* **Input data**:
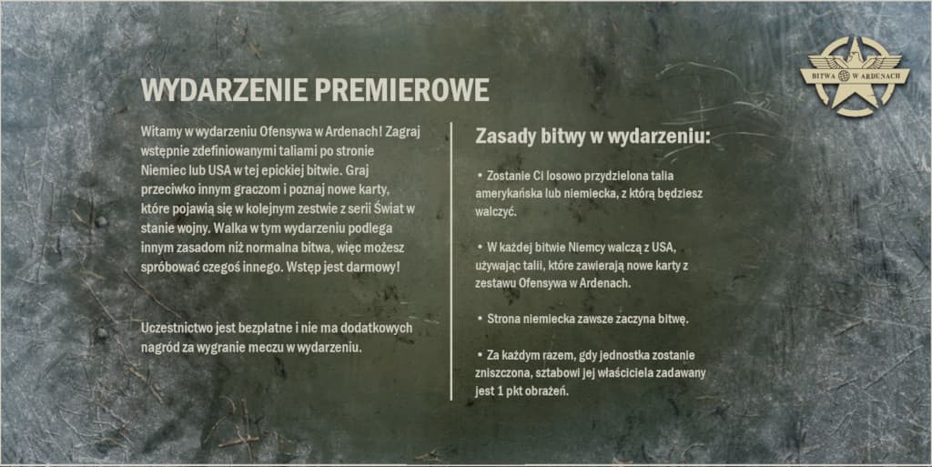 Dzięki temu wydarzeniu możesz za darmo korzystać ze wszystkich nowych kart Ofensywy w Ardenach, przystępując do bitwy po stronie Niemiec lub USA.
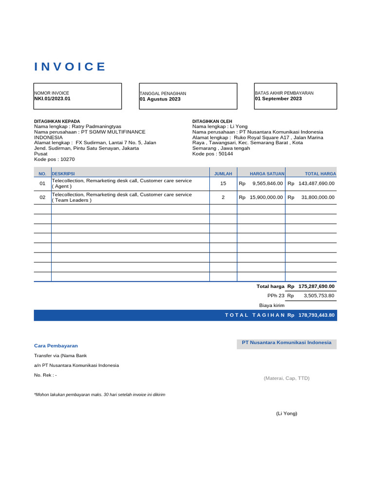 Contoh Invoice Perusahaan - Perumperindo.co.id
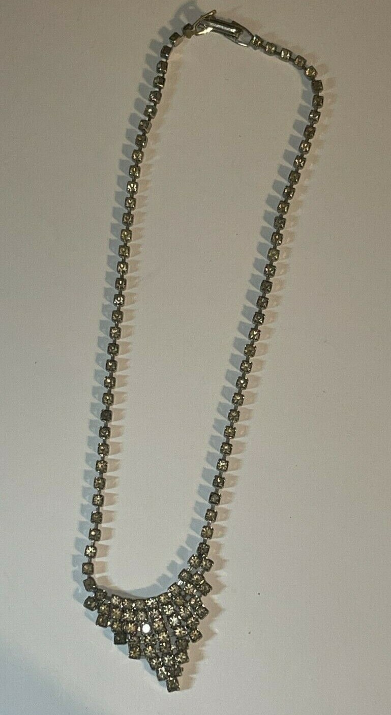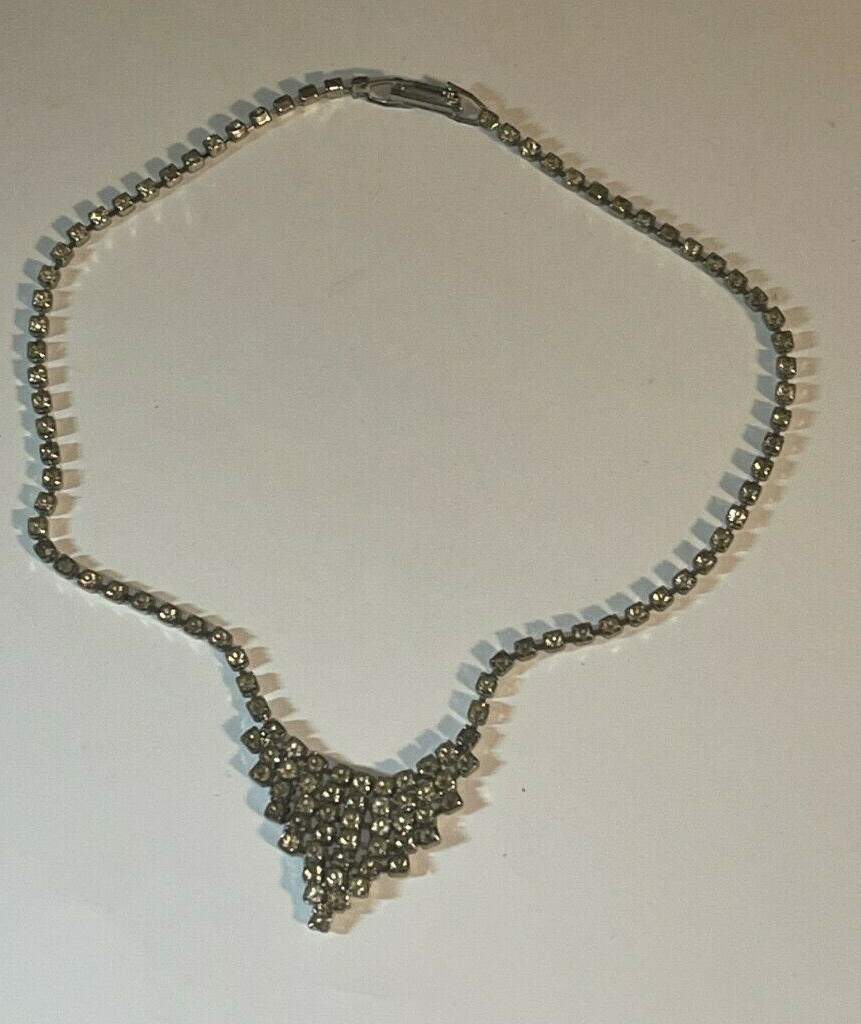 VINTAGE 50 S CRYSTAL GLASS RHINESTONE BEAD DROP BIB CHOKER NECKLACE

* **Work to complete**: Leave out the pictures; repeat the data exactly.

* **The completed task**:
 Dzięki temu wydarzeniu możesz za darmo korzystać ze wszystkich nowych kart Ofensywy w Ardenach, przystępując do bitwy po stronie Niemiec lub USA.
 Contoh Invoice Perusahaan - Perumperindo.co.id
 VINTAGE 50 S CRYSTAL GLASS RHINESTONE BEAD DROP BIB CHOKER NECKLACE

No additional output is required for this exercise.